## Assigned task
All lines from the one containing "俱樂部主要賽事單場獎金亦有明" through the end of the material are to be given back exactly, without pictures.
Given material START
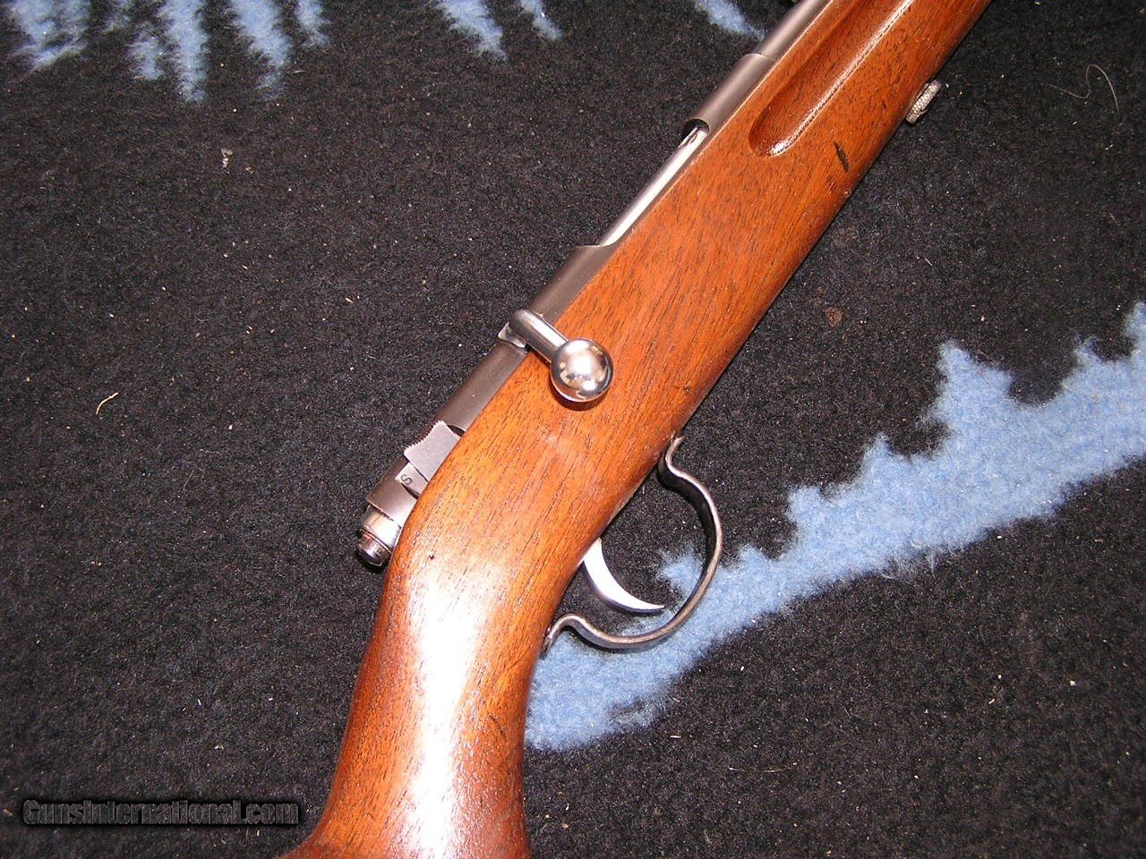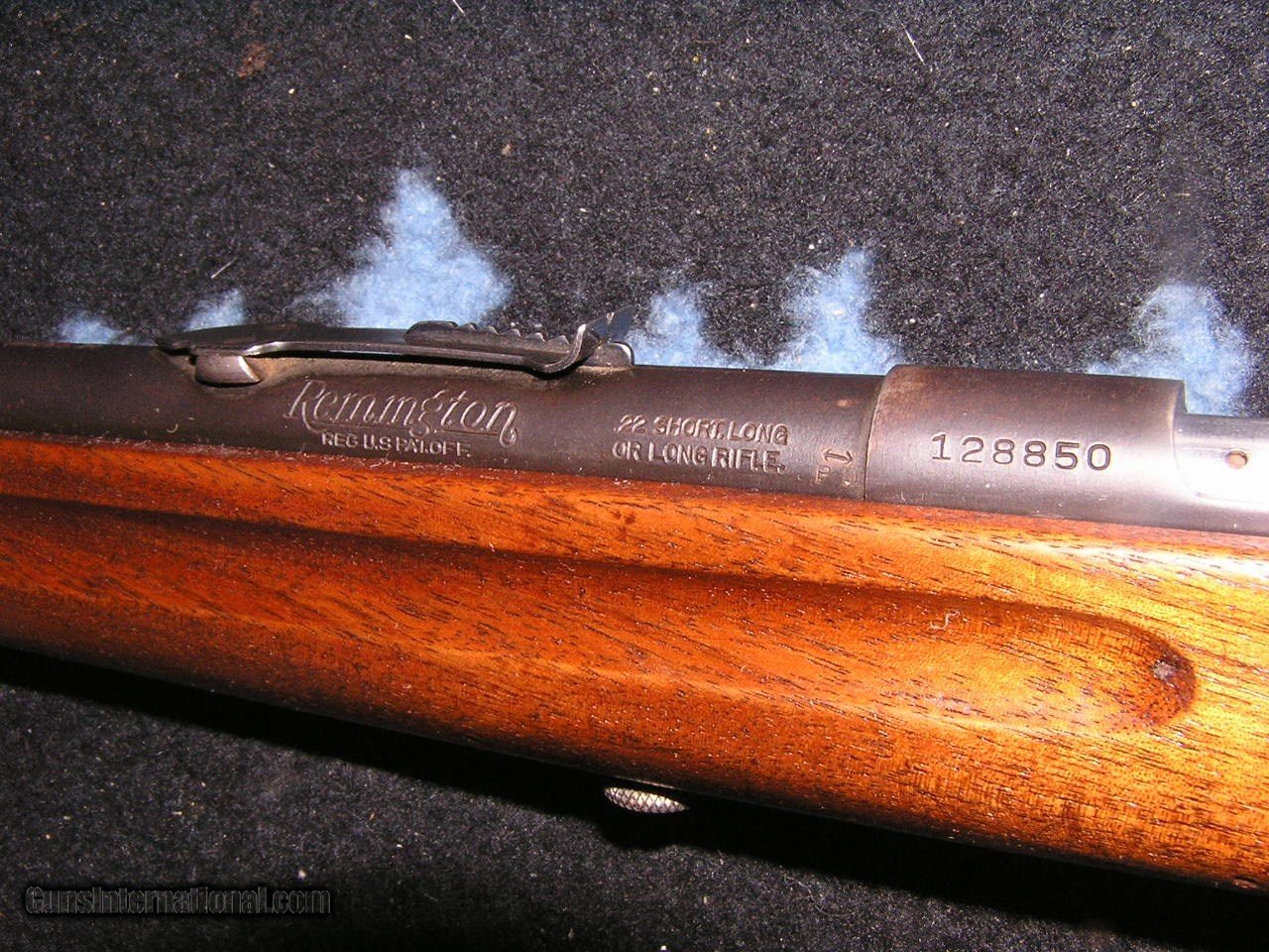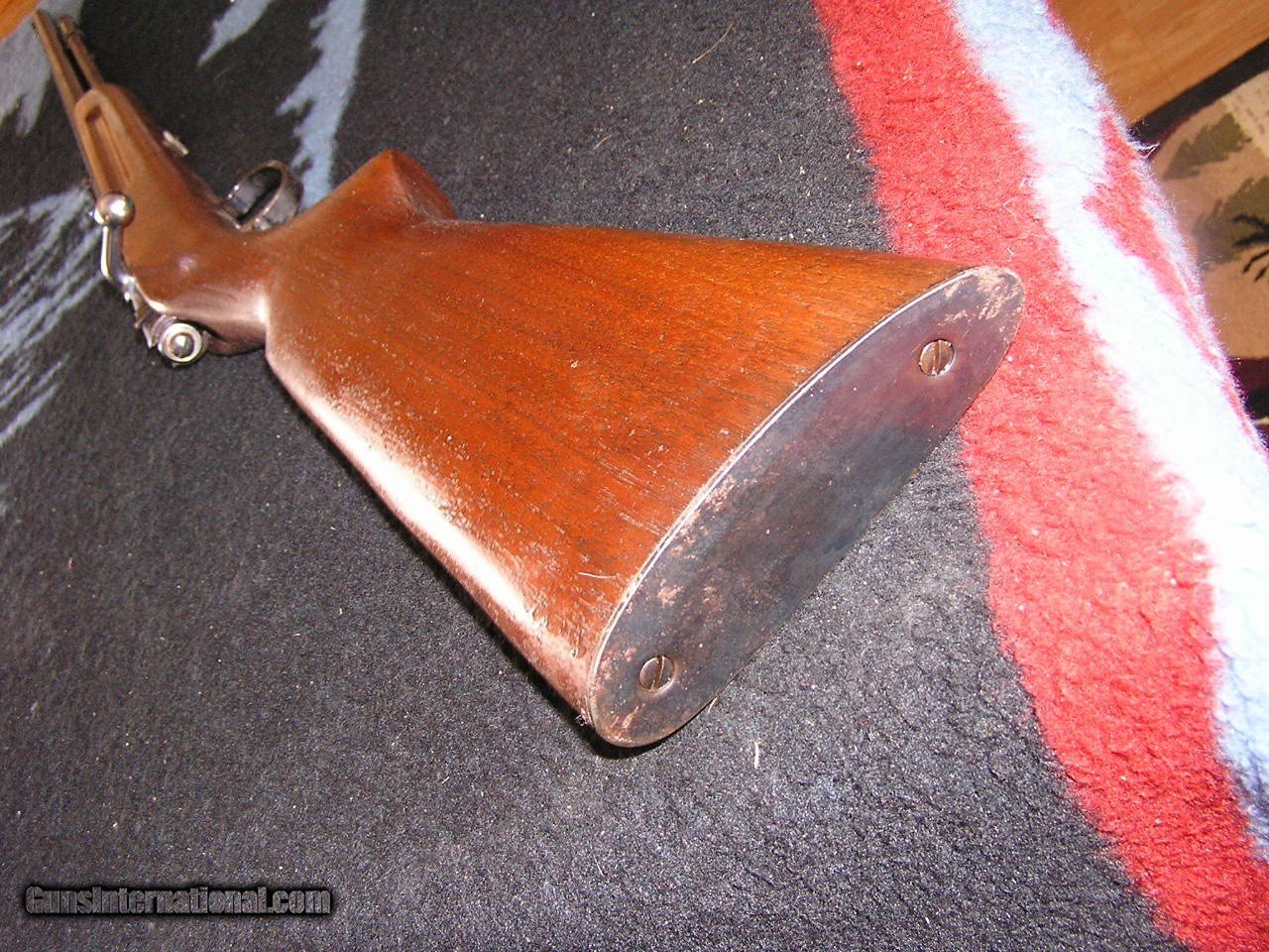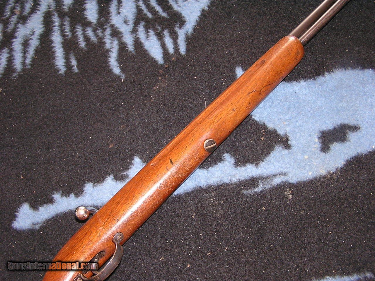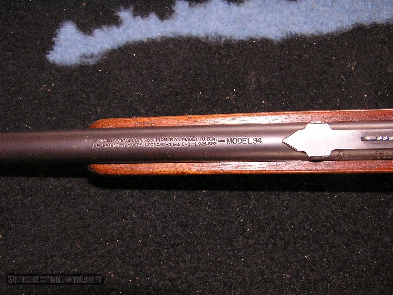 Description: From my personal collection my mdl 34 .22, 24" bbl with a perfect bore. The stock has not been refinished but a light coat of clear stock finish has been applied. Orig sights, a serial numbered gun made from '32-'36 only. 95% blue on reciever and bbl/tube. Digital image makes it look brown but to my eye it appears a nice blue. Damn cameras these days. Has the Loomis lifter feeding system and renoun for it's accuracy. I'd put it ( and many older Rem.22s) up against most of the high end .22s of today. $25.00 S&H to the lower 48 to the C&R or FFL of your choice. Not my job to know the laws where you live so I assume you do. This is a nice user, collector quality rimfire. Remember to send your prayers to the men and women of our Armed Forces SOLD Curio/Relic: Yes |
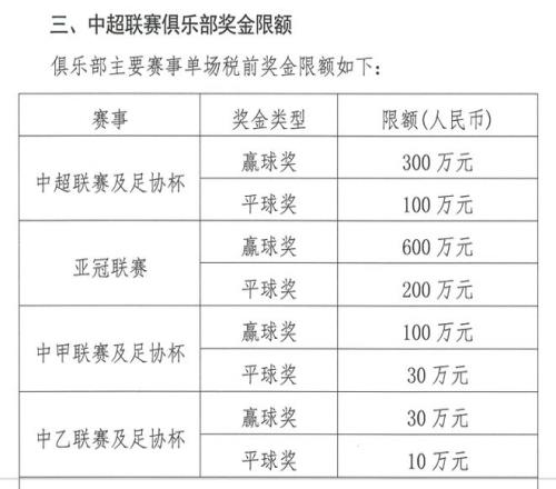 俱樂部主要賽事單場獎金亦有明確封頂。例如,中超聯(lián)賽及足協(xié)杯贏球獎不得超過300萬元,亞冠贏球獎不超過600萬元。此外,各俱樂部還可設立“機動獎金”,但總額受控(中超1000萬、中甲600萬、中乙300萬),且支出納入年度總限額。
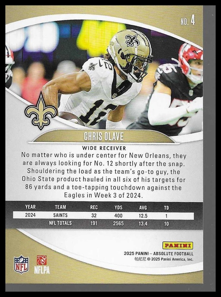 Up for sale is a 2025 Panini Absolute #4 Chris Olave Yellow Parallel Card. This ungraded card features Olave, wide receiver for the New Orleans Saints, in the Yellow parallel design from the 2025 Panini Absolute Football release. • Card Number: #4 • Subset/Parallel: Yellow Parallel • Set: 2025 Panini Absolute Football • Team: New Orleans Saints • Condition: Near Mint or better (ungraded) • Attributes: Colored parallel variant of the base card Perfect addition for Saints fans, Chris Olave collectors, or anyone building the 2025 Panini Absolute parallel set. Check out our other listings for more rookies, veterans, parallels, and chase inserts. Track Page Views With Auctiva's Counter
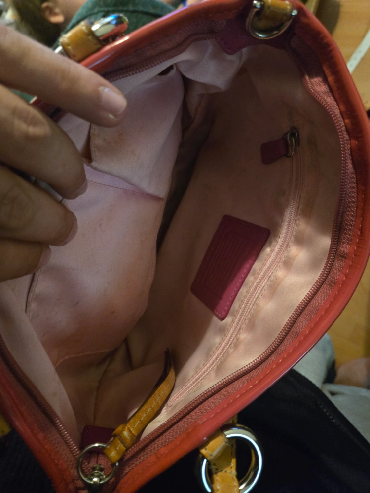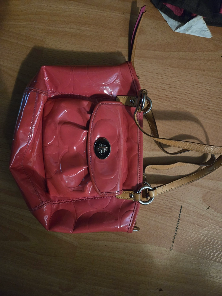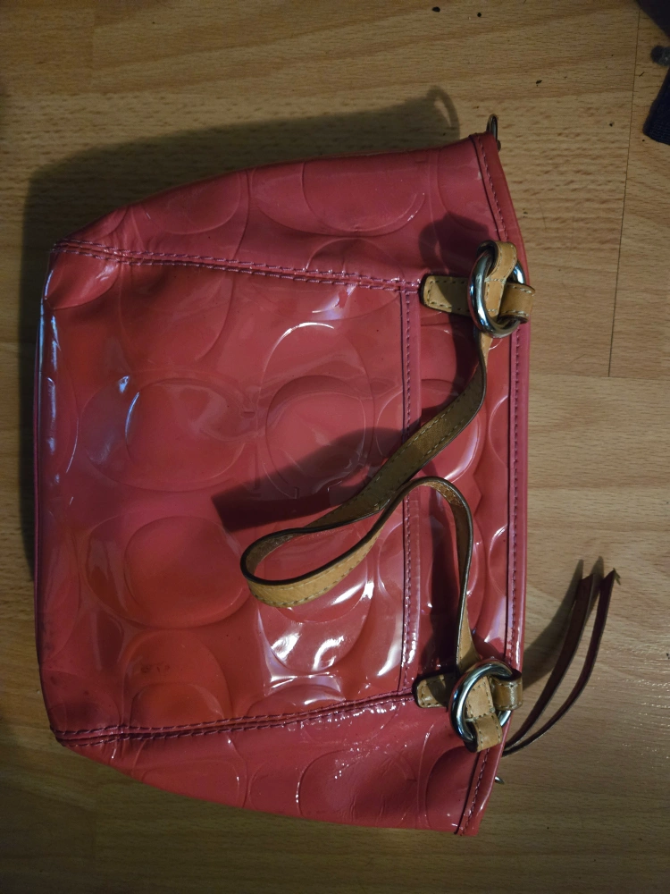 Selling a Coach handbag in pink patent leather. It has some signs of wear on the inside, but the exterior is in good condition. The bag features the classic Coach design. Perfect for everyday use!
Given material END
## Response
 俱樂部主要賽事單場獎金亦有明確封頂。例如,中超聯(lián)賽及足協(xié)杯贏球獎不得超過300萬元,亞冠贏球獎不超過600萬元。此外,各俱樂部還可設立“機動獎金”,但總額受控(中超1000萬、中甲600萬、中乙300萬),且支出納入年度總限額。
 Up for sale is a 2025 Panini Absolute #4 Chris Olave Yellow Parallel Card. This ungraded card features Olave, wide receiver for the New Orleans Saints, in the Yellow parallel design from the 2025 Panini Absolute Football release. • Card Number: #4 • Subset/Parallel: Yellow Parallel • Set: 2025 Panini Absolute Football • Team: New Orleans Saints • Condition: Near Mint or better (ungraded) • Attributes: Colored parallel variant of the base card Perfect addition for Saints fans, Chris Olave collectors, or anyone building the 2025 Panini Absolute parallel set. Check out our other listings for more rookies, veterans, parallels, and chase inserts. Track Page Views With Auctiva's Counter
 Selling a Coach handbag in pink patent leather. It has some signs of wear on the inside, but the exterior is in good condition. The bag features the classic Coach design. Perfect for everyday use!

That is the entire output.